Unsteady flow predictions around an obstacle using Geometry-Parameterized Dual-Encoder Physics-Informed Neural Network

TL;DR

This paper introduces a novel geometry-parameterized dual-encoder physics-informed neural network for efficient and accurate prediction of unsteady flow fields around complex geometries, outperforming traditional PINNs in reconstruction and generalization.

Contribution

The paper presents a new GP-DE-PINN architecture that effectively encodes geometric parameters and spatiotemporal features, improving flow prediction accuracy and generalization over existing PINNs.

Findings

Outperforms traditional PINNs in flow reconstruction.

Accurately captures vortex shedding and pressure evolution.

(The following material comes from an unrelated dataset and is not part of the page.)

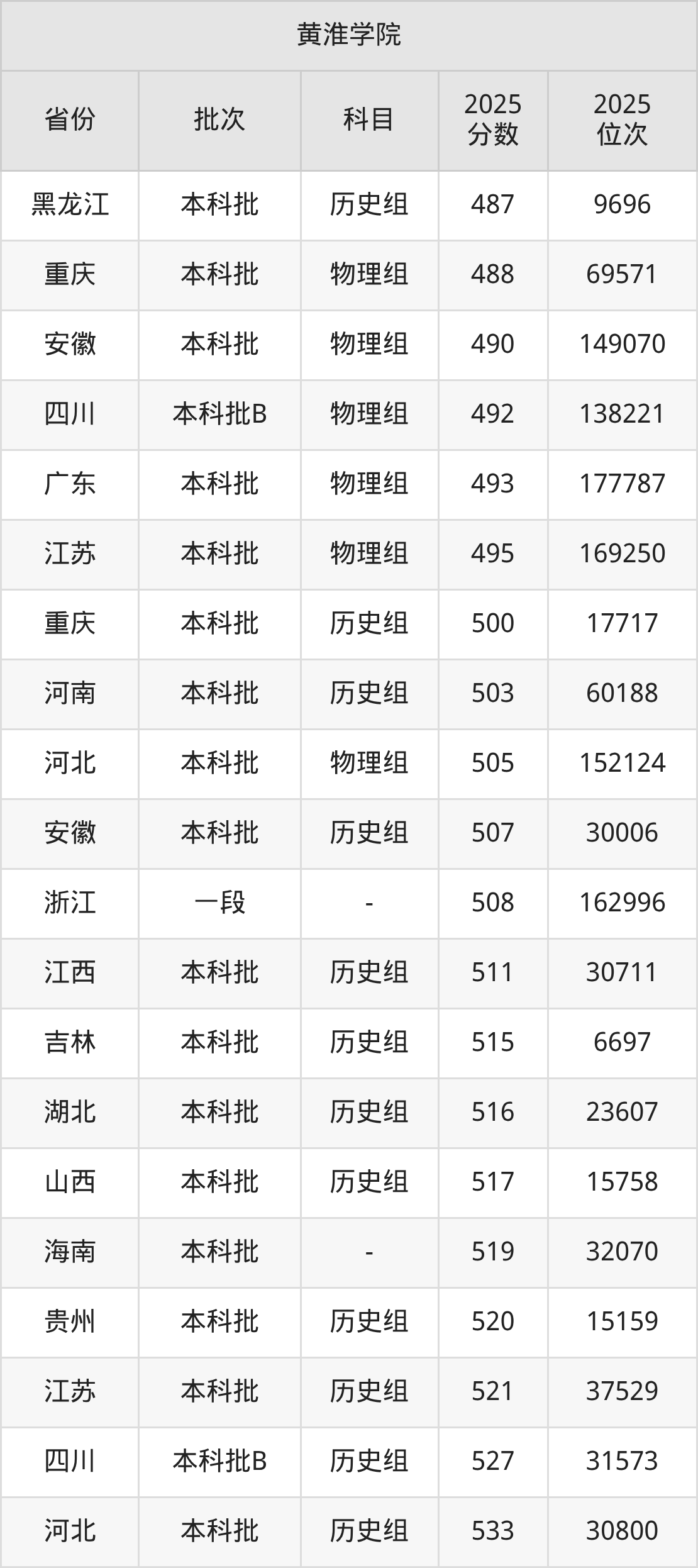 圆梦小编为2026届想要报考黄淮学院的同学整理了:黄淮学院2025年在全国24个省的最低分及录取位次。

Robust to hyperparameter variations.

Abstract

Machine learning-based flow field prediction is emerging as a promising alternative to traditional Computational Fluid Dynamics, offering significant computational efficiency advantage. In this work, we propose the Geometry-Parameterized Dual-Encoder Physics-Informed Neural Network (GP-DE-PINN) with a dual-encoder architecture for effective prediction of unsteady flow fields around parameterized geometries. This framework integrates a geometric parameter encoder to map low-dimensional shape parameters to high-dimensional latent features, coupled with a spatiotemporal coordinate encoder, and is trained under the Navier-Stokes equation constraints. Using 2D unsteady flow past petal-shaped cylinders as an example, we evaluate the model's reconstruction performance, generalization capability, and hyperparameter sensitivity. Results demonstrate that the GP-DE-PINN significantly outperforms the PINN with direct geometric input in flow field reconstruction, accurately capturing vortex shedding structures and pressure evolution, while exhibiting superior generalization accuracy on unseen geometric configurations. Furthermore, sensitivity analyses regarding geometric sampling and network width reveal the model's robustness to these hyperparameter variations. These findings illustrate that the proposed framework can serve as a robust and promising framework for predicting unsteady flows around complex geometric obstacles.